NOTE: I’m not 100% if this will work for you so try at your own experimentation! Once I find more accurate information, I'll be sure to update this section

 

.2 Searching for Images

·       Google(Located a Wiki Site that has a Gallery Page of Wolf in his various costumes)

·       Google Images(No images seemed to be any bigger than 512x512)

·       Youtube(I found older videos of Wolf from the old Tex Avery Show that had a resolution of over 1080p and took over 100 images. Some were 720p but they’re too grainy so I ignored them)

·       Other sites like Danbooru, Zero-chan, didn’t have any good images of him.

For additional searching, I recommend downloading a searching software called Grabber, that searches for characters across multiple websites!

2.5 images you should avoid

While searching for images, I found a video with this quality:

Avoiding this quality, (720p or below) is highly recommended. There's too much noise(pixelation), that will "corrupt" your char lora's training. If possible, you can use an upscaler to make your image “clearer”, (Like Upscayl) however, if the upscaled images results in a meshed version, try to avoid using it.
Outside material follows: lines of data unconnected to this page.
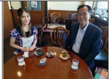
インターン生募集中
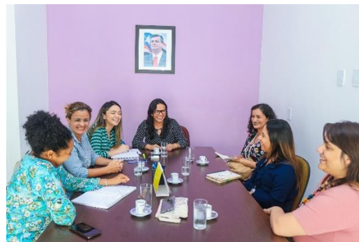
Parceria Humanitas 360 – 20/01/2020
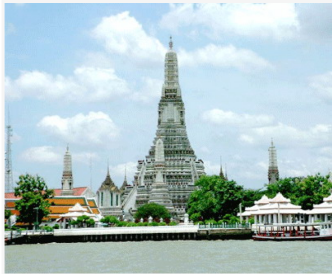
วัดอรุณราชวราราม ราชวรมหาวิหาร

วัดอรุณราชวราราม ราชวรมหาวิหาร ต้องไปสักการะ "พระประธาน" ด้วยรูป 3 ดอก เทียนคู่ และต้องไปเดินทักษิณาวัดรอบ "พระปรางค์" อีก 3 รอบ เพื่อ "ชีวิตรุ่งโรจน์"
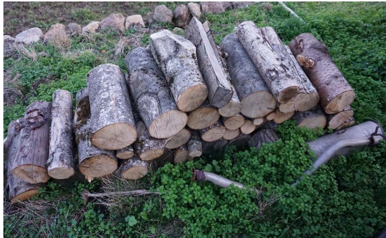
E3 : Disparition progressive d'un pot d'échappement sous la végétation
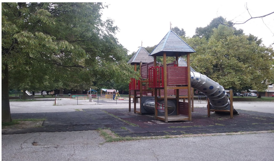
Illustrazione 2: Gioco multifunzione molto utilizzato
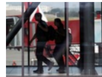
斯诺登申请庇护信曝光
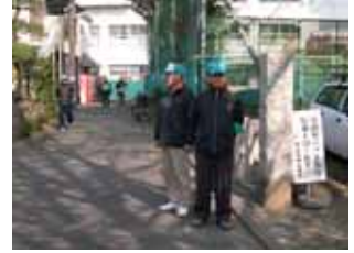
【補助を受けて購入した物品と防犯活動の様子】
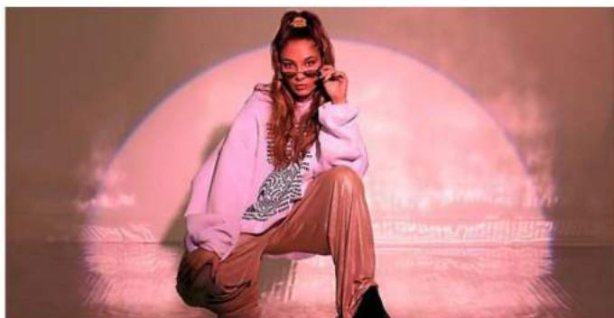
Chilla se démarque par des morceaux incisifs aux textes féministes.
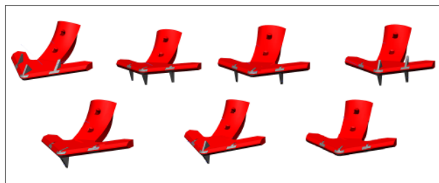
Рис. 3. Рабочие органы в различной комплектации

Выполнение рыхлителей и щелевателей с платформами под пазы лапы делает возможным переустановить рабочие органы по разным схемам (количеству и расположению рыхлителей и щелевателей) и таким образом изменять расстояние между обрабатываемыми полосами поля (рис. 3).
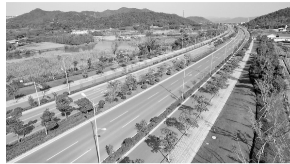
已经建成通车的鄞城大道东钱湖至横溪段。
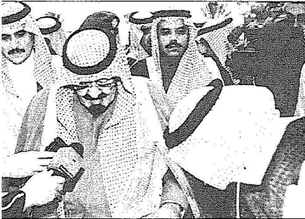
خادم الحرمين الشريفين يضع حجر الاساس للجيل 2 (2004م)

تتشرف مدينة الجيل الصناعية بالزيارة الميمونة التي يقوم بها خادم الحرمين الشريفين الملك عبدالله بن عبدالعزيز ويرافقه خلاله صاحب السمو الملكي الامير سلطان بن عبدالعزيز ولي العهد نائب رئيس مجلس الوزراء وزير الدفاع والطيران المفتش العام واصحاب السمو الامراء والمعالى الوزراء وكبار المسؤولين في الدولة. حيث يتفضل - ايده الله - برعاية الحفل الكبير الذي تقيمه الهيئة الملكية للجيل وينبع وشركة سابك وشركات القطاع الخاص ويبدشن خلاله المرحلة الاولى من الجيل 2 كما يدشن ويضع حجر الاساس لعشرين مشروعا باستثمارات تقدر بنحو ثلاثة واربعين مليار ريال. ويبلغ عدد المشاريع الخاصة بالهيئة الملكية تسعة مشاريع فيما تبلغ المشاريع الخاصة بشركة سابك خمسة مشاريع واستحوذت شركات القطاع على ستة مشاريع.

(Although bigger, you can see visible mesh on wolf,( and lady for that matter)

 

.3 Going over your images

 

It's important to understand that you do not need to include images that are similar in poses. Otherwise, these will be ingrained into the char lora as a specific pose for a specific prompt. LEARNED FROM EXPERIENCE

For example:

Which one should I include? Based on the fact I have an image with a similar expression as the first image, I will decide to get rid of that one.

 

  • Using an Upscaling program
    It's important to note that you should really only use an upscaler like Upscayl if absolutely necessary, (for example the img has really low resolution). From experience, upscaling an image that is already large enough does not seem to make the char lora better looking.

  • Clearing up your images of people
    To get the best results of your chars, it's important to ensure they're the only seeable person in your images,(this doesn’t include limbs peeking or infront of your character). I'm used to using Photoshop to crop and/or generative fill objects/people if needed. Free software like GIMP works as well!

  • Clearing up your images of background

    This is the environment your character is in inside an image and is optional to get rid of. Including the environment will be trained into the lora for a better, effective artstyle. I’ll be including the backgrounds I’ve taken screenshots of Wolf in. If you choose to get rid of the background, make sure to replace it with a simple colored background(I avoid white now as Illustrious tends to use it as the default background when prompting).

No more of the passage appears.